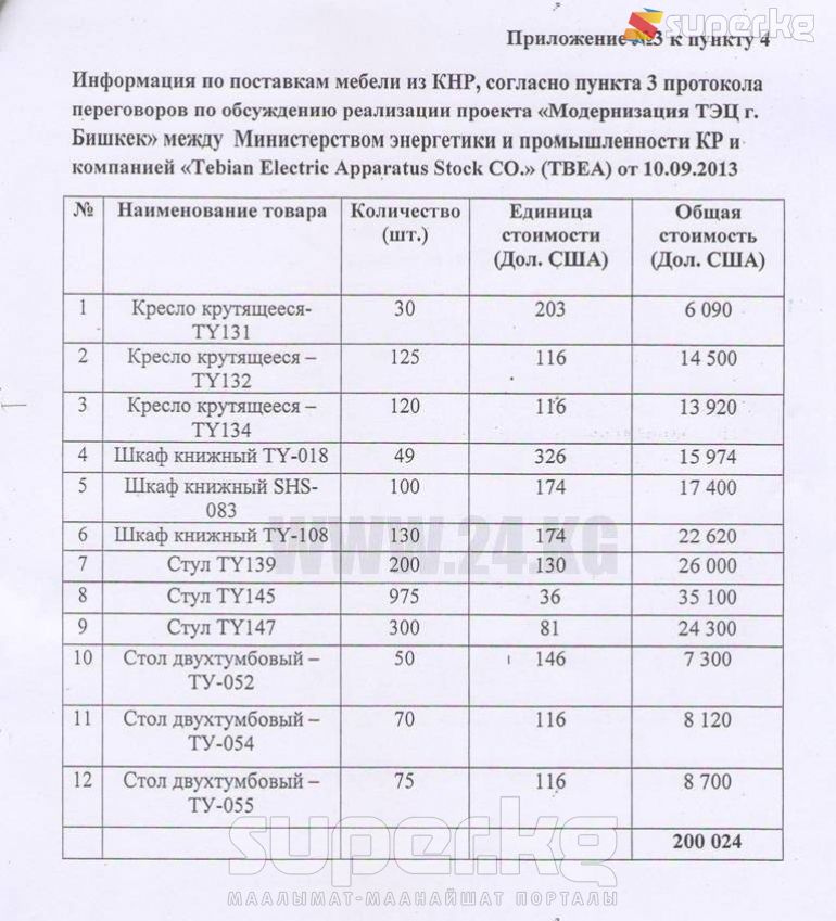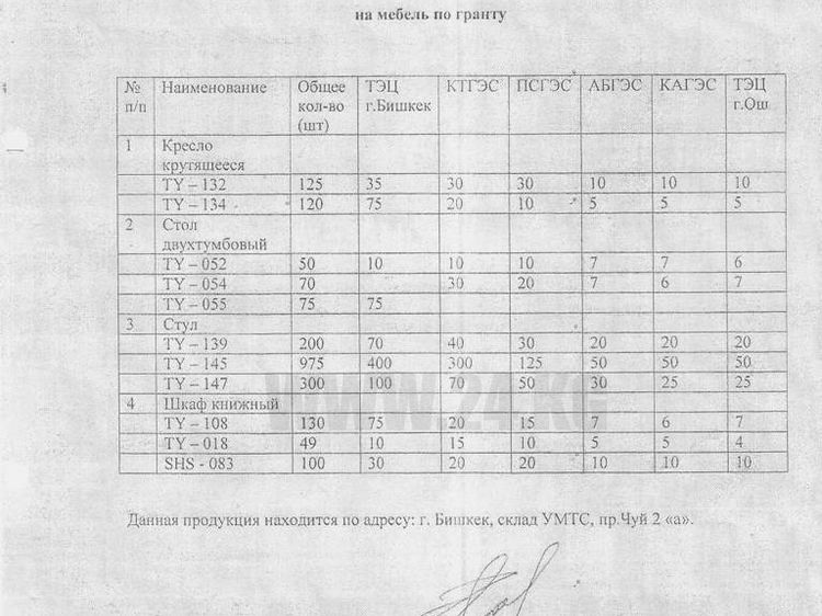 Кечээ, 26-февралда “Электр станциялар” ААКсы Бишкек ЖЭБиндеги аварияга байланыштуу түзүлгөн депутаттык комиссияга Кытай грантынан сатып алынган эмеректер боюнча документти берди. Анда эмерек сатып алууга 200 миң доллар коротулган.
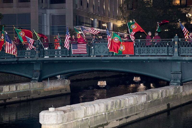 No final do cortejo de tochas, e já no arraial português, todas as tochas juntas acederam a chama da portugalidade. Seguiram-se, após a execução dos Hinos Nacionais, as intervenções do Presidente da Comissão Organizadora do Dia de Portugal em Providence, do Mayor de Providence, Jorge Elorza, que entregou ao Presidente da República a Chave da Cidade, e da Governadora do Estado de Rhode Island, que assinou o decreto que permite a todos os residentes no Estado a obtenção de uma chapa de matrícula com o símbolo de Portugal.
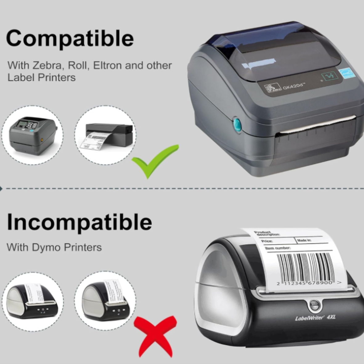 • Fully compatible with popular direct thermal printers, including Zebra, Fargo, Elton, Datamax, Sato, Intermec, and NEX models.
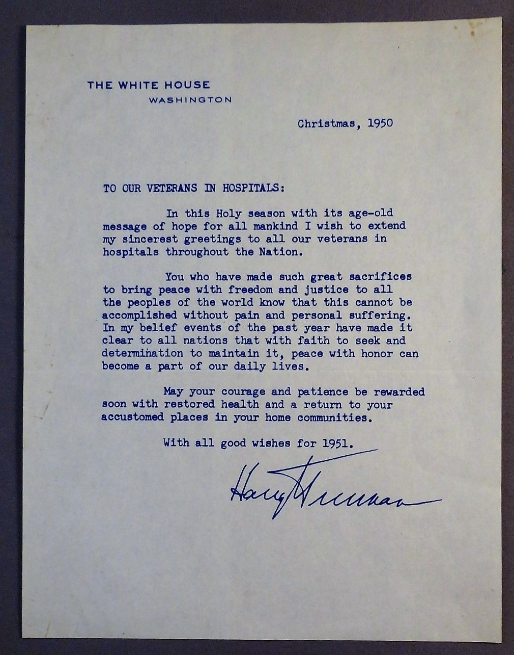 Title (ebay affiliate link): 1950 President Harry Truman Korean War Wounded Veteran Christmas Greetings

> Activity
Output the complete listing exactly. Pictures stay out.

> Response to the exercise
 Кечээ, 26-февралда “Электр станциялар” ААКсы Бишкек ЖЭБиндеги аварияга байланыштуу түзүлгөн депутаттык комиссияга Кытай грантынан сатып алынган эмеректер боюнча документти берди. Анда эмерек сатып алууга 200 миң доллар коротулган.
 No final do cortejo de tochas, e já no arraial português, todas as tochas juntas acederam a chama da portugalidade. Seguiram-se, após a execução dos Hinos Nacionais, as intervenções do Presidente da Comissão Organizadora do Dia de Portugal em Providence, do Mayor de Providence, Jorge Elorza, que entregou ao Presidente da República a Chave da Cidade, e da Governadora do Estado de Rhode Island, que assinou o decreto que permite a todos os residentes no Estado a obtenção de uma chapa de matrícula com o símbolo de Portugal.
 • Fully compatible with popular direct thermal printers, including Zebra, Fargo, Elton, Datamax, Sato, Intermec, and NEX models.
 Title (ebay affiliate link): 1950 President Harry Truman Korean War Wounded Veteran Christmas Greetings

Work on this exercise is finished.